(Stored records)
· · ·

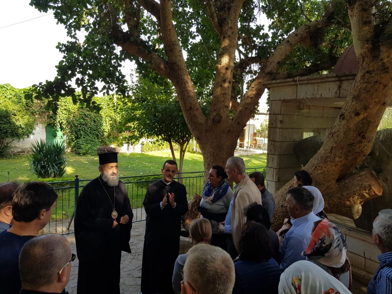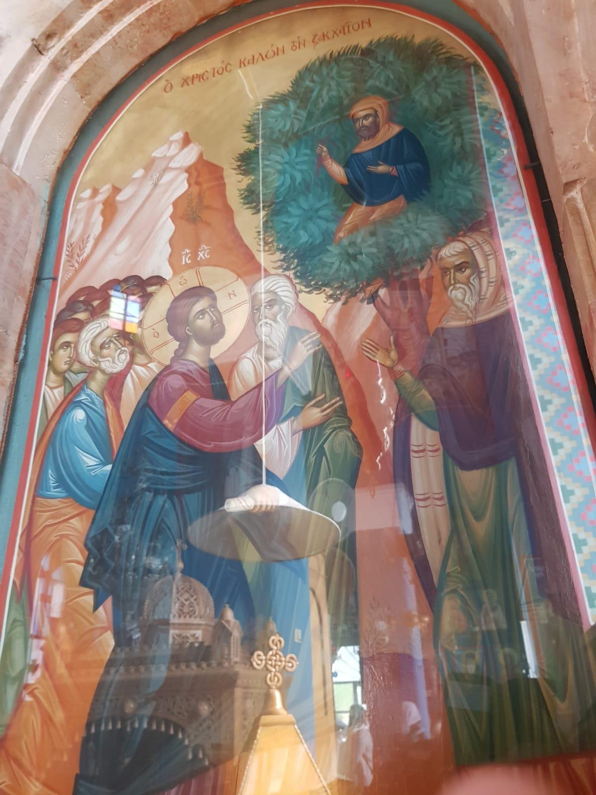 Cu inimi voioase, fortificați de harul divin și de belșugul binecuvântărilor cerești primite în lavra Hozevei, pelerinii români s-au îndreptat spre Ierihon, cea mai veche cetate din lume, cu o vechime de peste 10.000 de ani. În această cetate celebră a intrat, după trecerea Iordanului, poporul evreu, condus de către Iosua, în anul 1200 î.Hr. Primul obiectiv vizitat în Ierihon, numit și cetatea palmierilor, a fost dudul lui Zaheu. Aici, credincioșii și-au adus aminte de acel staroste al vameșilor care a dorit cu orice preț să Îl vadă pe Hristos, aflat în trecere pe strada lui. Pentru aceasta, Zaheu s-a urcat în acest sicomor și a reușit să Îl vadă, iar Hristos, apreciind dorința lui de mântuire, a poposit în casa lui și le-a oferit tuturor bucuria binecuvântării Sale. Din acest episod evanghelic se înțelege cât de importantă este dorința de mântuire pe care, dacă nu o avem în inima noastră, nici Dumnezeu nu ne poate ajuta.
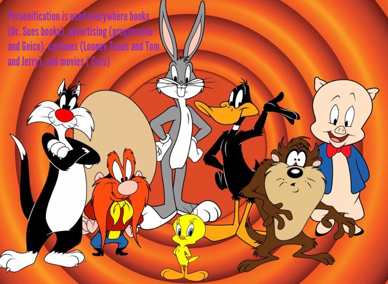 Personification is used everywhere books (Dr. Sues books), advertising (progressive and Geico), cartoons (Looney Toons and Tom and Jerry), and movies ( Cars)
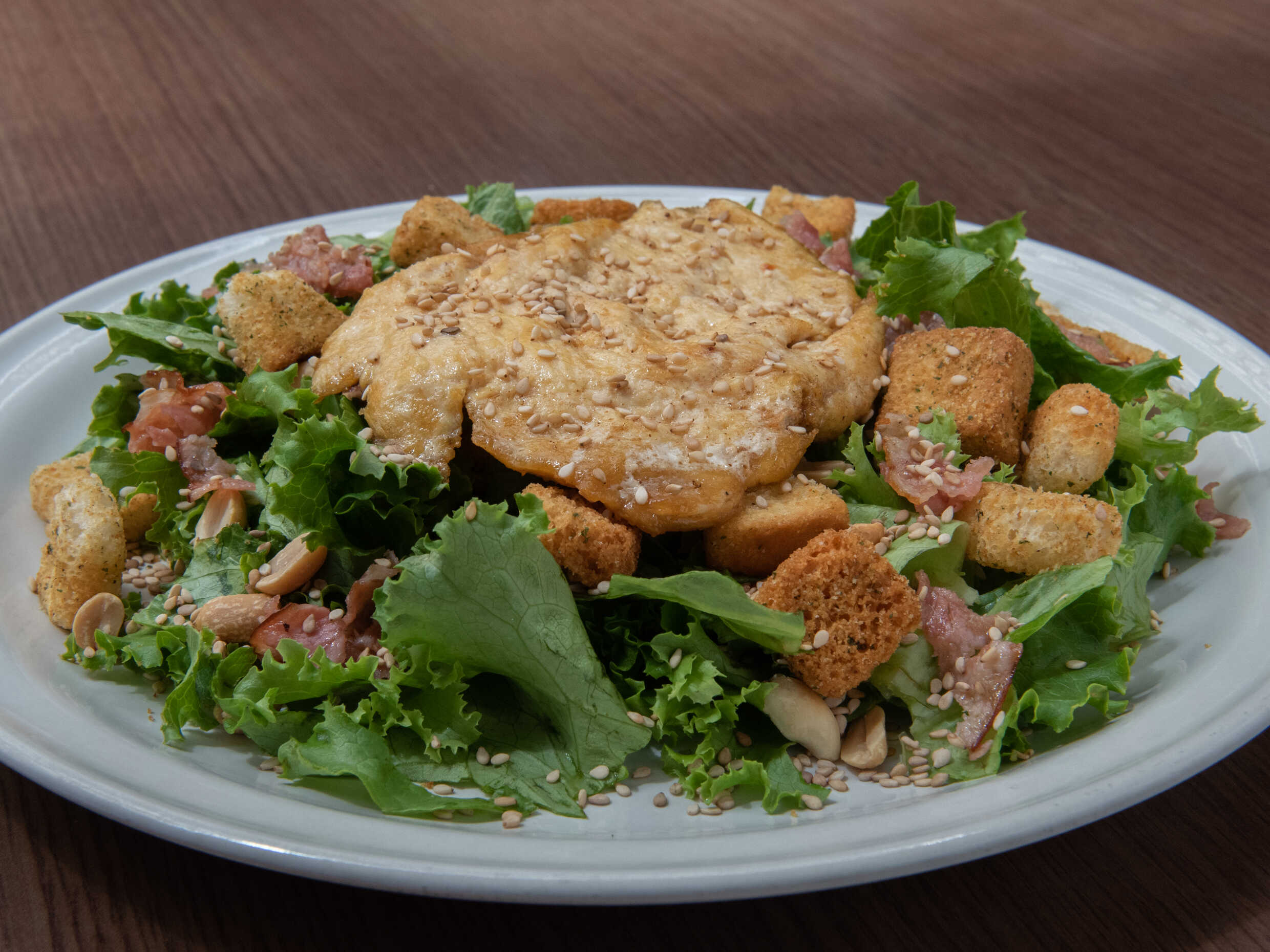 Lechuga, pollo asado, ajonjolí, cacahuate, tocino frito, acompañado con aderezo ranch o mil islas y crotones.
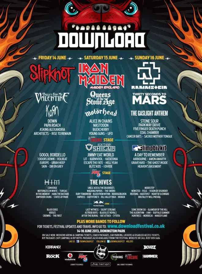Senin büyük festivallerinden birisi olan Download 2013 festivali şekillenmeye başladı. Afişi,grupları, ve gruplarından sahne alacağı günler aşağıda ki gibidir.
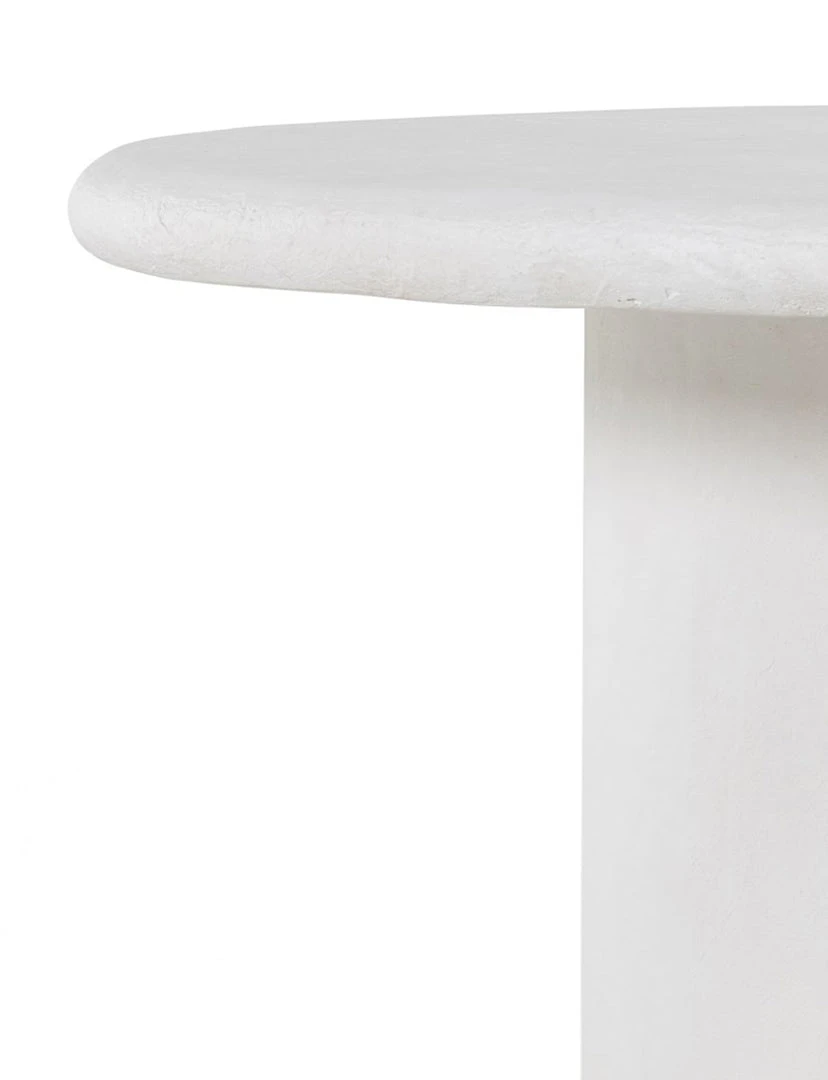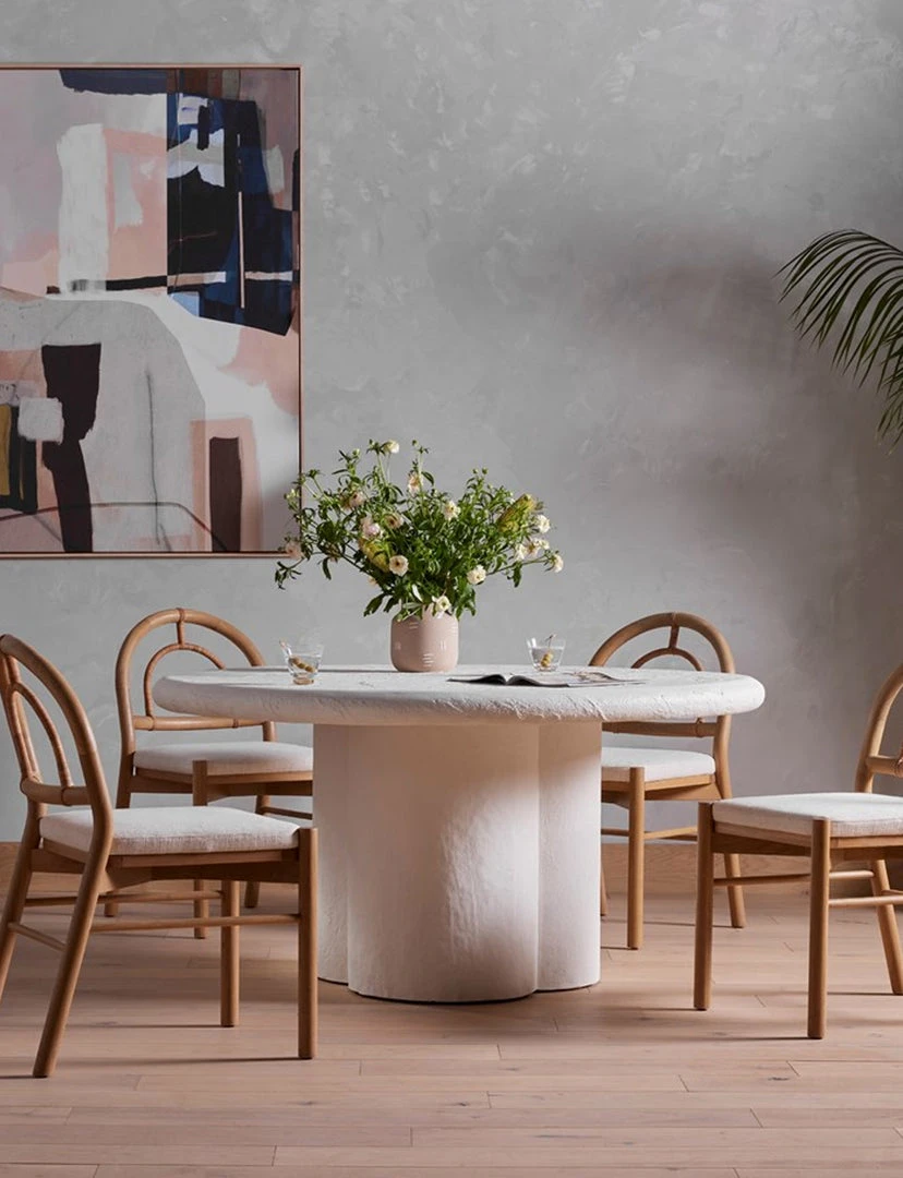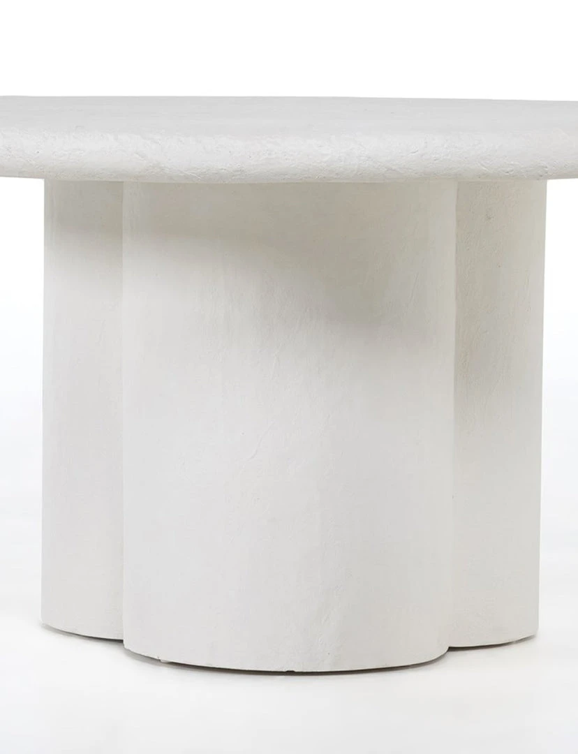 Crisp, clean adobe vibes. Made from white-finished concrete, a voluminous clover-shaped base supports a thick-rounded tabletop for dramatic scale. Soft yet textured look pairs with a wide range of seating, from natural woods to leather, and more.

· · ·

TASK ITEM
Copy the entries above exactly, but only the stretch from the line containing "Personification is used" through the line containing "Senin büyük festivallerinden". Keep both end lines; drop the pictures.

TASK RESULT
 Personification is used everywhere books (Dr. Sues books), advertising (progressive and Geico), cartoons (Looney Toons and Tom and Jerry), and movies ( Cars)
 Lechuga, pollo asado, ajonjolí, cacahuate, tocino frito, acompañado con aderezo ranch o mil islas y crotones.
Senin büyük festivallerinden birisi olan Download 2013 festivali şekillenmeye başladı. Afişi,grupları, ve gruplarından sahne alacağı günler aşağıda ki gibidir.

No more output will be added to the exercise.